Reproduce the listing in its entirety. Do not reproduce the pictures.
═════ Data section
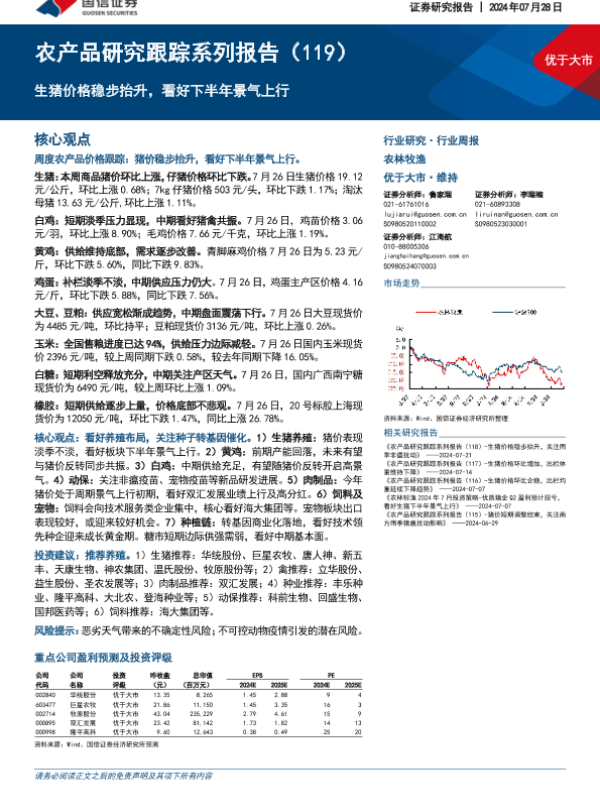 【国信证券】【20240728】20240728-国信证券-农产品研究跟踪系列报告(119):生猪价格稳步抬升,看好下半年景气上行-26页 行业研究
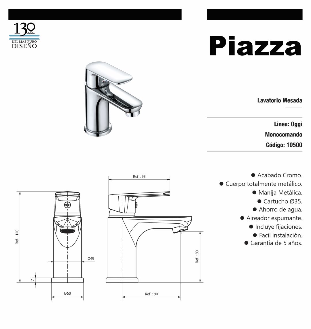 Grifería Lavatorio Monocomando para Mesada Piazza Oggi 10500
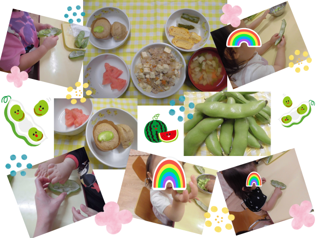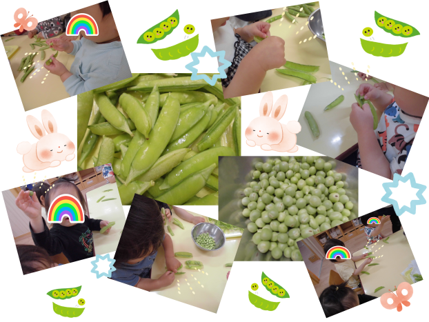 今日は、午前中ににじぐみうさぎグループのおともだちに「うすいえんどう」むきのお手伝いをしてもらいました!
══════════
-- Reply to the task --
 【国信证券】【20240728】20240728-国信证券-农产品研究跟踪系列报告(119):生猪价格稳步抬升,看好下半年景气上行-26页 行业研究
 Grifería Lavatorio Monocomando para Mesada Piazza Oggi 10500
 今日は、午前中ににじぐみうさぎグループのおともだちに「うすいえんどう」むきのお手伝いをしてもらいました!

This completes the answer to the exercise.